季轩坐在画舫中,周遭点着昏黄明亮的油蜡,我看着季轩,他见我来了,冲我一笑。

文质彬彬,然后君子。

我突然想起了《论语》里的一句话,却觉得季轩算是先君子,后彬彬。

「孟小姐先坐,画舫简陋,孟小姐见笑了。

季轩说着,替我斟茶,是雨前龙井,我爱喝的,一准儿是母亲告诉了季轩。

「孟小姐能赴季某的邀,在下心中欢愉。

季轩的话像是暖春的涓流,直直流到了我心里,我有些没法应他,我觉得我该是脸红才对。

我只是冲季轩微微颔首,算是回礼。

我实在是没法子与季轩这类翩翩公子相处,我从前交往的都是些浑人,哪里懂什么诗书气质,我脸红,也该是心里羞的。

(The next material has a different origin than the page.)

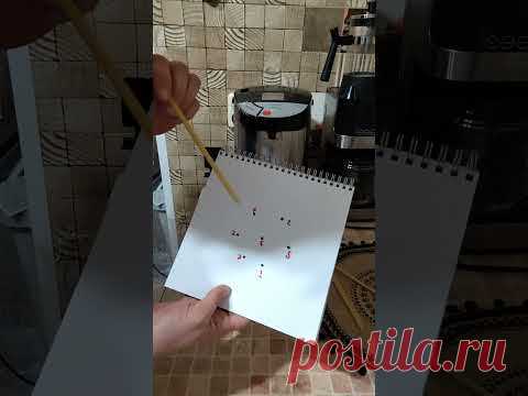 На изображении запечатлен процесс, в котором человек держит лист бумаги и указывает деревянной палочкой на нее. Лист — белый блокнот, на котором видны несколько точек и цифр, нарисованных темным и красным цветами. Человек одет в повседневную одежду, но большинство его тела скрыто за кадром. Руки сосредоточены на бумаге, создавая впечатление задумчивости и концентрации. Сзади видна кухонная техника, включая кофемашину и небольшой кухонный прибор на плитке с бежево-коричневыми квадратами. Освещение ровное, без резких теней, что подчеркивает детали обстановки. Настрой изображения уютный, характерный для домашней атмосферы. Надпись "МИСТИКА - ОБРЯД НА ОМОЛОЖЕНИЕ 🔥" намекает на магические и ритуальные действия, возможно в контексте молодости и здоровья. Перспектива изображения показывает акцент на руке и бумаге, в то время как фон становится второстепенным элементом. Кухонная техника смотрится современной, добавляя контраста между традиционными и современными элементами.

我与季轩在画舫里坐着谈话,季轩与我谈了许多,知道我不通诗书,便给我讲民间的传奇。

我听着季轩说的话,看着季轩这个人,想着我的如意郎君。

「孟小姐,在下唐突,敢问孟小姐觉得今夜的风如何?」

「甚好。

我憋不出什么诗句来应景,只是干瘪瘪的一句「甚好」,季轩莫要嫌弃我才好。

「今夜的星呢?」

「甚好。

「那人又如何?」

「自然,也是好的。

我说完,听到季轩轻笑一声,羞红了脸。

一连三句「好」,季轩定是要笑话我不读书。

「孟小姐,季某此生欢愉,便都在今夜了。

季轩看着我的眼,我看着季轩的眼,他眼中有我。

我微微一怔,看着季轩,才知道,他也是属意我的。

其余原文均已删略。